Once our research question, eligibility criteria, analysis plan, and search strategy (see next chapter) are set, we should also **register** our meta-analysis. If the meta-analysis has a broadly health-related outcome, this may preferably be done using [PROSPERO](https://www.crd.york.ac.uk/prospero/), one of the largest registries for prospective systematic reviews and meta-analyses. The [preregistration service of the OSF](https://osf.io/prereg/) is also a good option.
In case we want to go even one step further, we can also write an entire **protocol** for our meta-analysis [@quintana2015pre]. A meta-analysis protocol contains the analysis plan, plus a description of the scientific background of our study, more methodological detail, and a discussion of the potential impact of the study.

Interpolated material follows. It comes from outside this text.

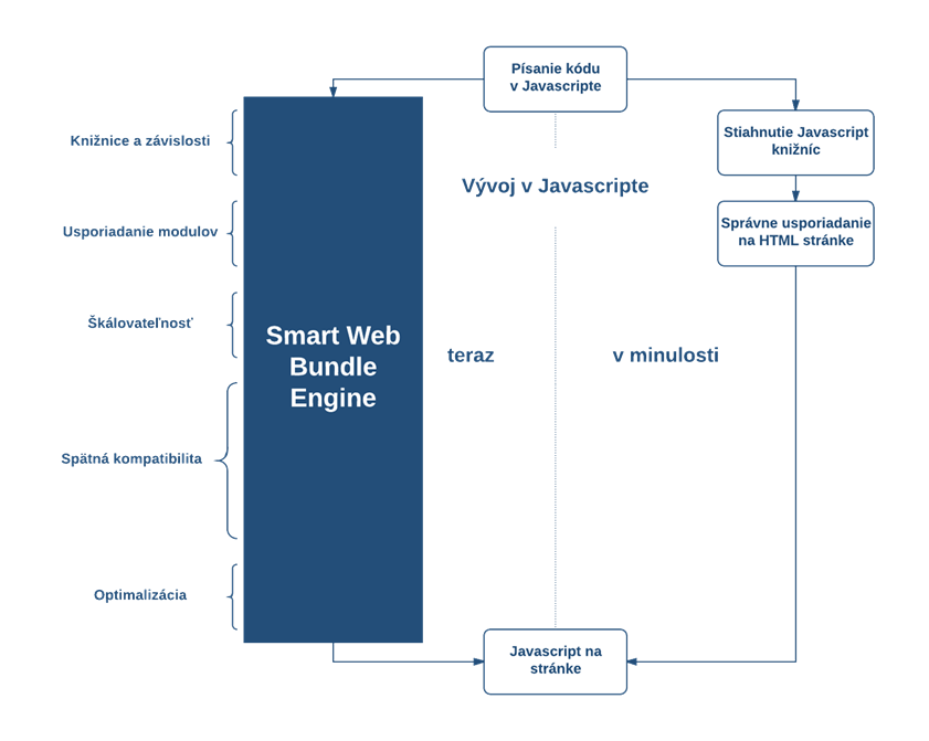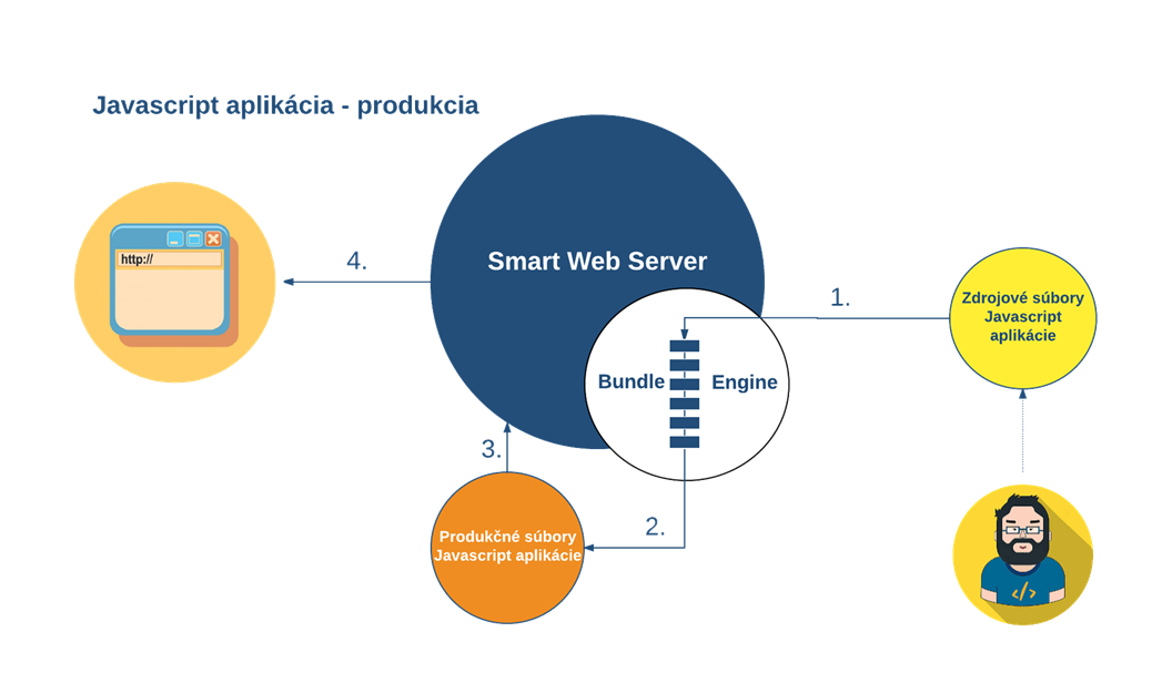 One of the main aims of the SmartWeb platform is also the support of the Javascript applications' development. That is why over this platform, a programmer does not have to configure, install nor integrate any tool that transforms a source Javascript code into a final form interpreted by a browser. This is automatically realized by a special module of the SmartWeb platform - Bundle Engine.

There are also guidelines on how to write such protocols, such as the PRISMA-P Statement [@moher2015preferred]. Meta-analysis protocols are accepted by many peer-review journals. A good example can be found in Büscher, Torok and Sander [-@buscher2019effectiveness], or Valstad and colleagues [-@valstad2016relationship].
A priori analysis plans and preregistration are essential features of a well-made, trustworthy meta-analysis. And they should not make you anxious. Making the perfect choice for each and every methodological decision straight away is difficult, if not impossible. It is perfectly normal to make changes to one's initial plans somewhere down the road. We can assure you that, if you are honest and articulate about changes to your planned approach, most researchers will not perceive this as a sign of failure, but of professionalism and credibility.
<br></br>
### Study Search {#study-search}
---
\index{Study Search}
The next step after determining your eligibility criteria and analysis plan is to search for studies. In Chapter \@ref(what-are-mas), we discussed that most meta-analyses are an advanced type of systematic review. We aim to find **all** available evidence on a research question in order to get an unbiased, comprehensive view of the facts. This means that the search for studies should also be as comprehensive as possible. Not only one, but several sources should be used to search for studies. Here is an overview of important and commonly used sources.
* **Review articles**. It can be very helpful to screen previous reviews on the same or similar topics for relevant references. Narrative and systematic reviews usually provide a citation for all the studies that they included in their review. Many of these studies may also be relevant for your purposes.
* **References in studies**. If you find a study that is relevant for your meta-analysis, it is sensible to also screen the articles this study references. It is very likely that the study cites previous literature on the same topic in the introduction or discussion section, and some of these studies may also be relevant for your meta-analysis.
* **Forward search**. A forward search can be seen as the opposite of screening the references of previous primary studies and reviews. It means to take a study that is relevant for the meta-analysis as basis, and then search for other articles that have cited this study since it has been published. This can be done quite easily on the Internet. You simply have to find the online entry of the study; usually, it is on the website of the journal in which it has been published. Most journal websites today have a functionality to display articles that have cited a study. Alternatively, you can also search for the study on **Google Scholar** (see Table \@ref(tab:bibdatabases)). Google Scholar can display citing research for every entry.
* **Relevant journals**. Often, there are a number of scientific journals which are specialized in the type of research question you are focused on. It can therefore be helpful to search for studies specifically in those journals. Virtually all journals have a website with a search functionality today, which you can use to screen for potentially eligible studies. Alternatively, you can also use electronic bibliographical databases, and use a filter so that only results from one or several journals are displayed.
The methods we described above can be seen as rather fine-grained strategies. They are ways to search in places where it is very likely that a relevant article will be listed. The disadvantage is that these approaches will unlikely uncover all evidence that is really out there. It is therefore advisable to also use **electronic bibliographic databases** for one's search. An overview of important databases can be found in Table \@ref(tab:bibdatabases).
One should always conduct a search in several databases, not just one. Many bibliographical databases contain an immense number of entries. Nevertheless, it is common to find that the overlap in the results of databases is smaller than anticipated. You can select the databases you want to search based on their subject-specific focus. If your meta-analysis focuses on health-related outcomes, for example, you should at least search PubMed and CENTRAL.
When searching bibliographic databases, it is important to develop a **search string**. A search string contains different words or terms, which are connected using operators such as AND or OR. Developing search strings takes some time and experimenting. A good way to start is to use the PICO or eligibility criteria (Chapter \@ref(research-question)) as basis and to connect them using AND (a simplified example would be **"college student" AND "psychotherapy" AND "randomized controlled trial" AND "depression"**).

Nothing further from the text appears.